The Implications: A New Era for Home Services

The implications of this funding round for the home services sector are profound. Probook’s success signals the end of the "DIY" software era, where business owners were forced to act as systems integrators for their own companies.

By providing a cohesive operating system, Probook is effectively leveling the playing field. Smaller, independent shops can now leverage the same sophisticated dispatch and communication technology as billion-dollar private equity-backed firms. This, in turn, is expected to drive consolidation and professionalization across the entire sector.

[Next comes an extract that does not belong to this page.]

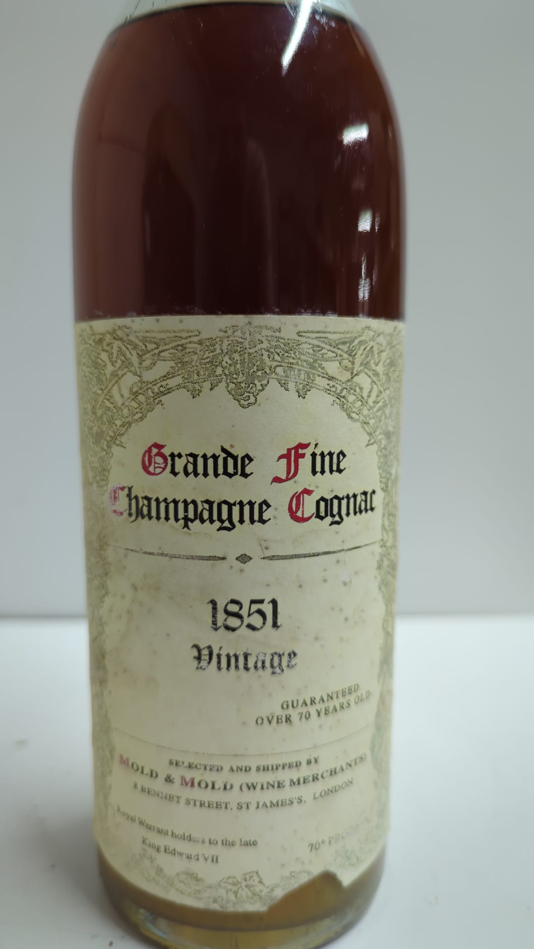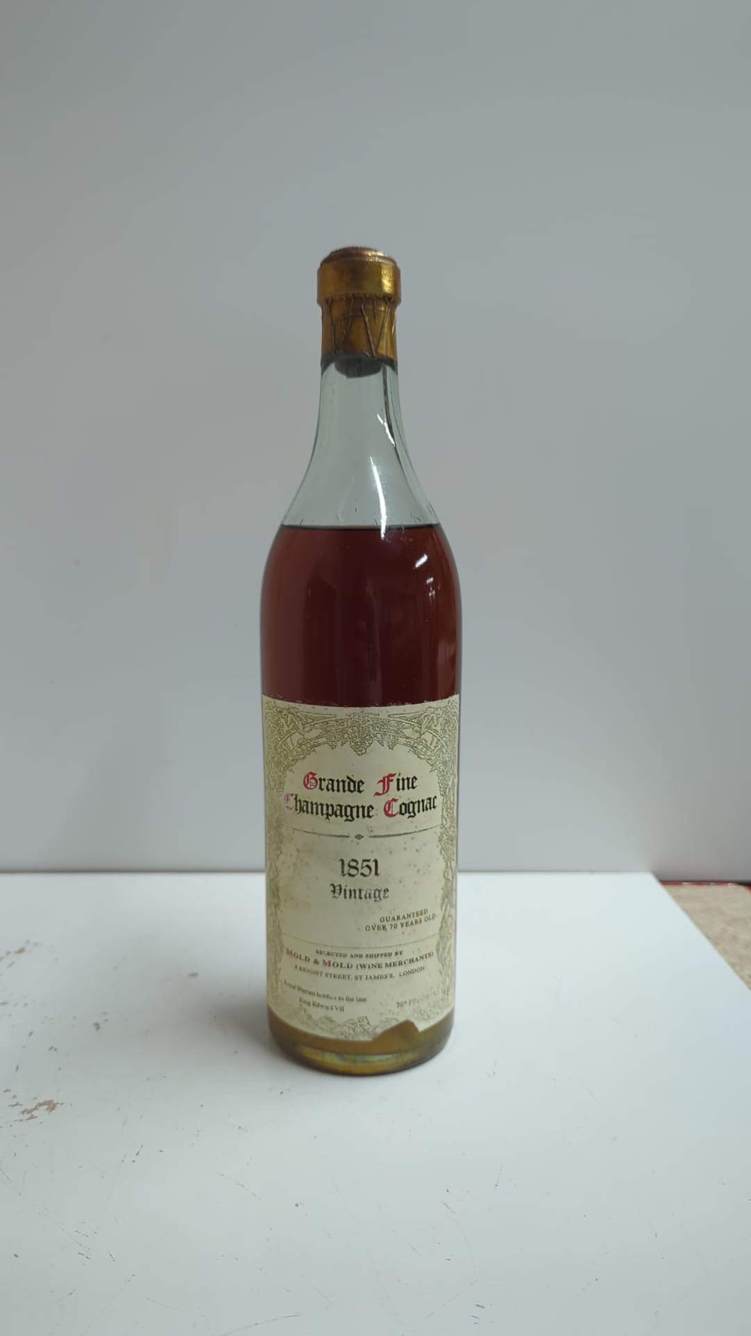 - Grande Fine Champagne Cognac Vintage 1851 Guarantee over 70 years old Selected and shipped by: Mold & Mold (wine merchants) Royal warrant holders to the late King Edward VII * Bottle was purchased and delivered to my friend, I'm unable to confirm the weight at this stage ** Same for the pictures - at this stage I couldn't follow the guidelines as won't be seeing my bottle till mid May

Furthermore, the "human-in-the-loop" philosophy adopted by Probook—where the AI manages the heavy lifting and humans manage the exceptions—provides a blueprint for how AI can be successfully integrated into blue-collar industries without displacing the essential human element of skilled labor.

As Probook scales its go-to-market team and expands its engineering department with this new capital, the company is set to define the next decade of home services. With deep roots in the trade and the backing of the world’s most influential venture capital firms, Probook is not just building software; it is building the infrastructure upon which the next generation of American home services will run.